*What you have to do:* Write out every line of the material as it stands, apart from the pictures.

*The data:*
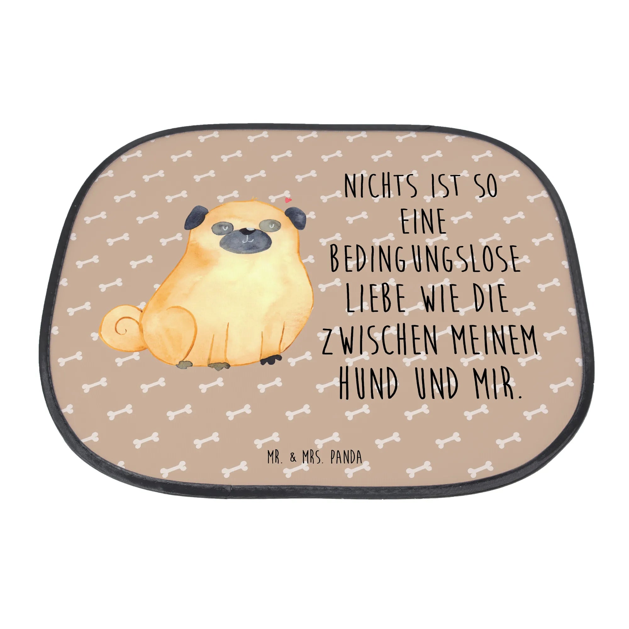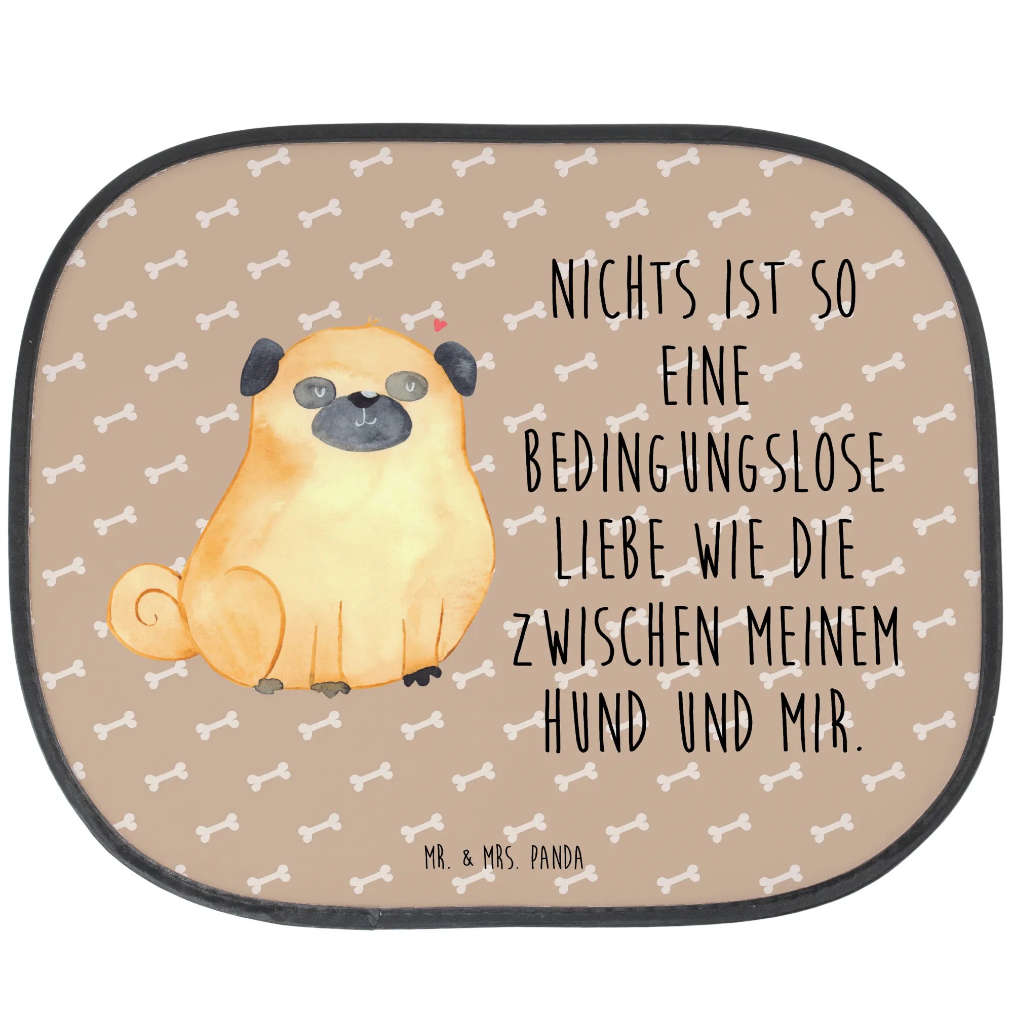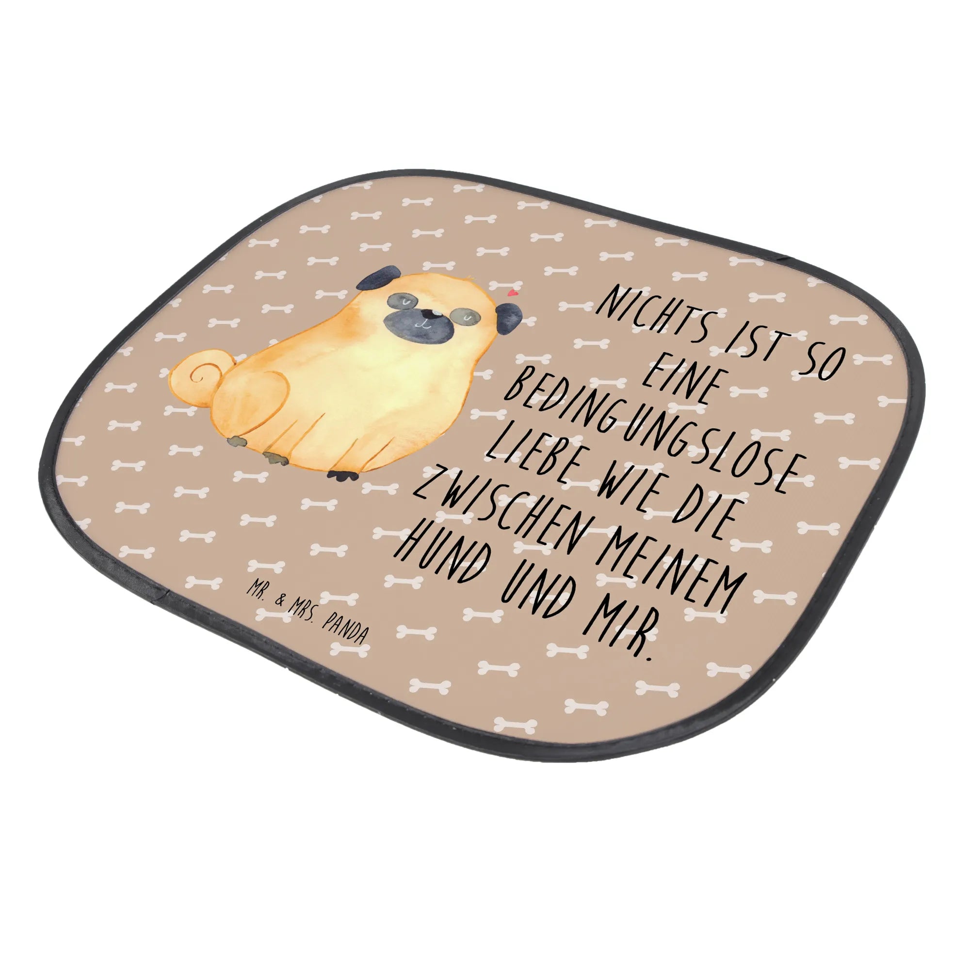 Ein Sonnenschutz fürs Auto, der Herzen wärmt: Unser hübscher Sonnenschutz Auto mit Mops-Motiv aus der Hunde Kollektion von Mr. & Mrs. Panda verbindet praktischen Hitzeschutz Auto mit liebevollem Design. Er schützt deine Mitfahrer vor direkter Sonneneinstrahlung und bietet zuverlässigen UV Schutz Auto an der Seitenscheibe. Perfekt als Seitlicher Sonnenschutz oder als Sonnenschutz Pkw, wenn die Sonne von der Seite blendet.
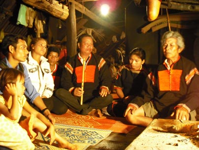 | 老艺人在给村民说唱史诗 |
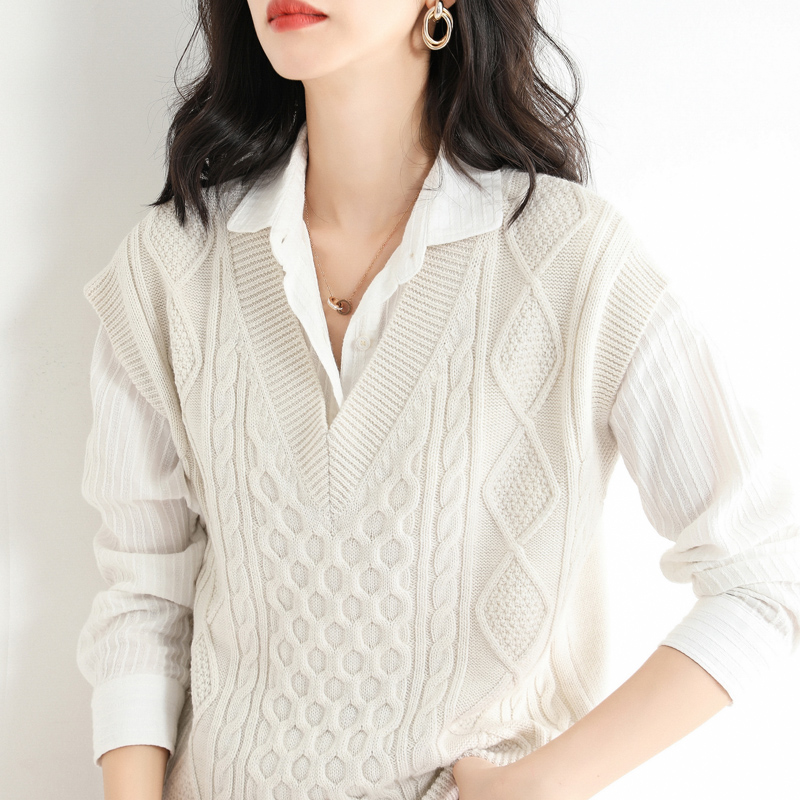 Autumn and winter outlay V collar waistcoat Lady Loose Jacket Short sweater knit Shoulder Vest Non Cashmere Beating Bottom

*Answer for the task:*
 Ein Sonnenschutz fürs Auto, der Herzen wärmt: Unser hübscher Sonnenschutz Auto mit Mops-Motiv aus der Hunde Kollektion von Mr. & Mrs. Panda verbindet praktischen Hitzeschutz Auto mit liebevollem Design. Er schützt deine Mitfahrer vor direkter Sonneneinstrahlung und bietet zuverlässigen UV Schutz Auto an der Seitenscheibe. Perfekt als Seitlicher Sonnenschutz oder als Sonnenschutz Pkw, wenn die Sonne von der Seite blendet.
 | 老艺人在给村民说唱史诗 |
 Autumn and winter outlay V collar waistcoat Lady Loose Jacket Short sweater knit Shoulder Vest Non Cashmere Beating Bottom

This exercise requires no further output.